- Directed by: Paolo Zucca [it]
- Screenplay by: Paolo Zucca Barbara Alberti Geppi Cucciari
- Produced by: Amedeo Pagani Francesca Cima Nicola Giuliano Daniel Burman Genc Permeti
- Starring: Jacopo Cullin [it] Stefano Fresi Francesco Pannofino
- Cinematography: Ramiro Civita
- Edited by: Sarah McTeigue
- Music by: Andrea Guerra
- Release date: 2018;
- Language: Italian

= The Man Who Bought the Moon =

2018 comedy film

The Man Who Bought the Moon (Italian: L'uomo che comprò la Luna, Spanish: El hombre que compró la luna) is a 2018 Italian-Argentine-Albanian comedy film co-written and directed by Paolo Zucca and starring Jacopo Cullin, Stefano Fresi and Francesco Pannofino.

== Cast ==
- Jacopo Cullin as Kevin Pirelli / Gavino Zoccheddu
- Stefano Fresi as Pino
- Francesco Pannofino as Dino
- Benito Urgu as Badore
- Ángela Molina as Teresa
- Lazar Ristovski as Taneddu
- Andrea Prodan as Dr. Badaloni

==Production==
The film was shot between Cagliari, Oristano, San Vero Milis, Cabras and Buenos Aires. Shooting wrapped in late October 2017. Zucca cited among its inspirations the 1973 comic book Asterix in Corsica.

==Release==

The film premiered at the 23rd Busan International Film Festival, in the Flash Forward section. It served as pre-opening film at the 2018 Rome Film Festival. It was released in Sardinian cinemas on 4 April 2019, before expanding nationally on 2 May 2019.

==Reception==
In its first week of release, the film had the second-highest grossing per theater, very close to The Avengers.
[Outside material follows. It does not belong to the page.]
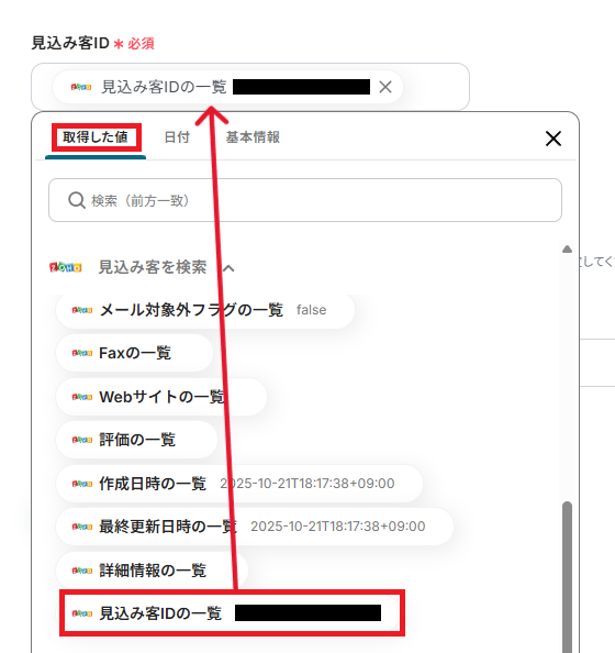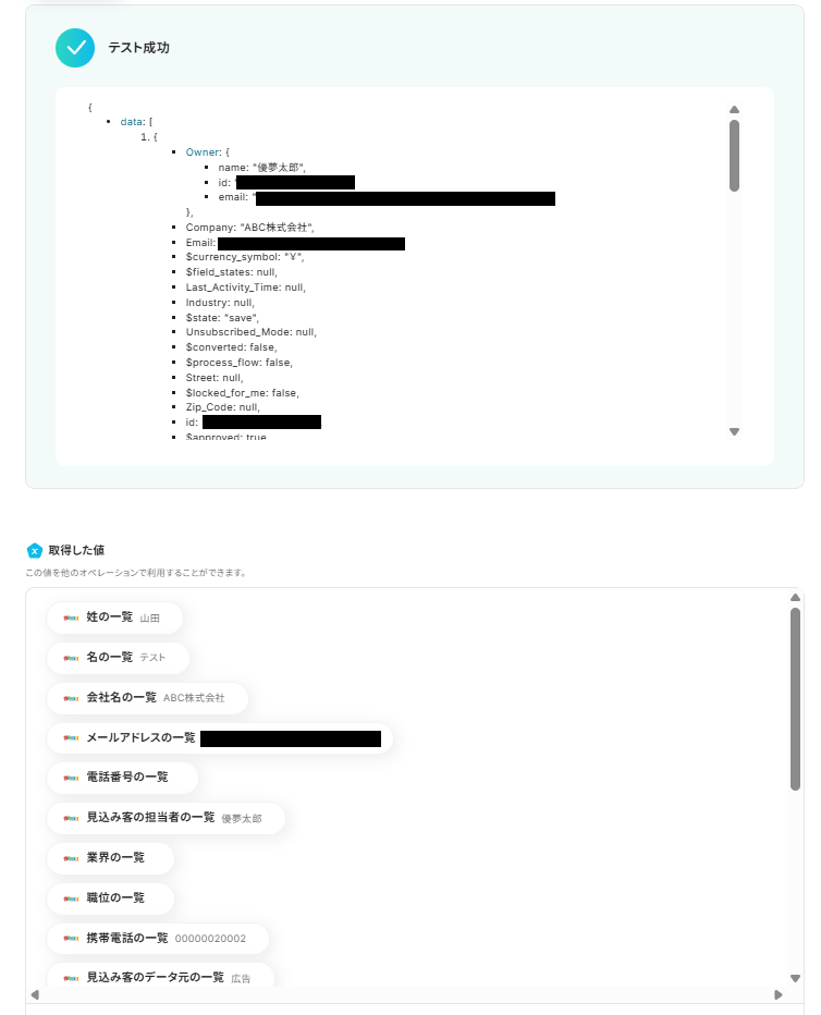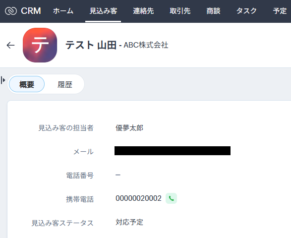 テストに成功すると、見込み客から一致するデータが反映されます。

The film has been described as "a surreal, absurdist journey aiming to push the boundaries of comedic drama while handing out a succession of breathtaking sceneries" and "a deliciously arty and far fetched slapstick".

For his performance in this film, in Don't Stop Me Now and in C'è tempo, Stefano Fresi won the 2019 Nastro d'Argento for best comedy actor.